The tax authority (DIAN) had issued an assessment of additional taxable income for FY2013 due to non-arm’s length pricing of transactions with related parties.
According to the assessment, the tax authority disagreed with method applied by C.I. Banacol and instead applied a TNMM where the transactions were priced in the aggregate.
C.I. Banacol appealed to the Administrative Court, which ruled in favour of the tax authories.
An appeal was then filed with the Supreme Administrative Court.
Judgment
The Supreme Administrative Court upheld the decision of the Administrative Court and ruled in favour of the tax authorities.
Excerpts in English
“The Chamber agrees with the DIAN and the Court in the sense that the four segmented transactions for the purposes of the transfer pricing regime are interrelated and are directed to the fulfilment of a single object: the international marketing of bananas and plantains and other fruits, products that are previously acquired from national economic partners or consigned by third parties.”
…
“As can be seen, the selected comparables are, like Banacol, active in the marketing of fruit. One of them sells bananas, plantains and other fruits. Since it has been established that Banacol is engaged in the marketing of bananas, plantains and other fruit, the Board considers the interquartile range set by the administration to be appropriate because it corresponds to that of the activity carried out by the party under analysis (Banacol) and the selected comparables.

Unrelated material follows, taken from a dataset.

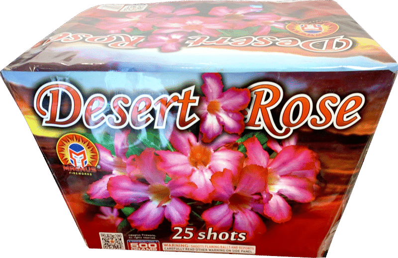 Everyone loves roses, but you can’t find these at your local florist! This 25-shot fan cake fires neon peonies that fade to a breathtaking desert rose lace effect and ends with a massive, multicolored finale.
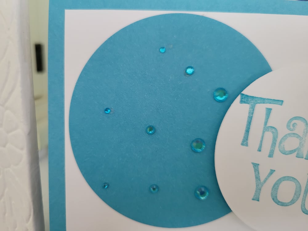 Design is as pictured; overlapping circles that read "Thank You." There are 3 blue rhinestone rays on the larger circle.

Finally, the applicant submits that only transactions with related parties should have been assessed and revenues, costs and expenses not associated with such transactions, i.e. transactions with third parties, should have been excluded and that, by failing to do so, transactions not subject to the arm’s length principle were brought under the arm’s length principle.
As noted, the TNMM method allows for an overall or segmental assessment of the profit margins obtained by companies in transactions with related parties. When the comparability analysis is done on an aggregate basis it is not necessary to exclude non-transfer pricing transactions because, as stated in the OECD guidelines, “income and expenses not related to the related party transaction under review [should] only be excluded where they significantly affect comparability with unrelated transactions” (paragraph 284).
These same guidelines indicate that, when determining the net profit indicator or factor, in this case the ROTC, for the application of the net operating margin method, only those elements should be taken into account which: (a) are directly or indirectly related to the related operation under analysis, and (b) are related to the exploitation of the activity. In this case, it was sufficiently demonstrated that Banacol’s segmented operations, with related or unrelated parties, are interrelated to a larger operation: the marketing of bananas, plantains and other fruits, so it was not necessary to exclude the operations that the plaintiff claims should have been excluded.
Moreover, the plaintiff did not demonstrate how such transactions affected comparability or the adjustments that were required, since, it should be emphasised, it is precisely the rejection of segmentation and the proposal of adjustments to the taxpayer’s global information that involves both controlled transactions and those carried out with independent parties, with the correlative consideration of profit margins that are also global. The taxpayer was therefore required to specify the adjustments that were required, in the analysed part, in the comparable parts or in both, that is to say, to prove the technical impertinence of the adjustment made by the tax authority, which was not done. The appeal is unsuccessful.”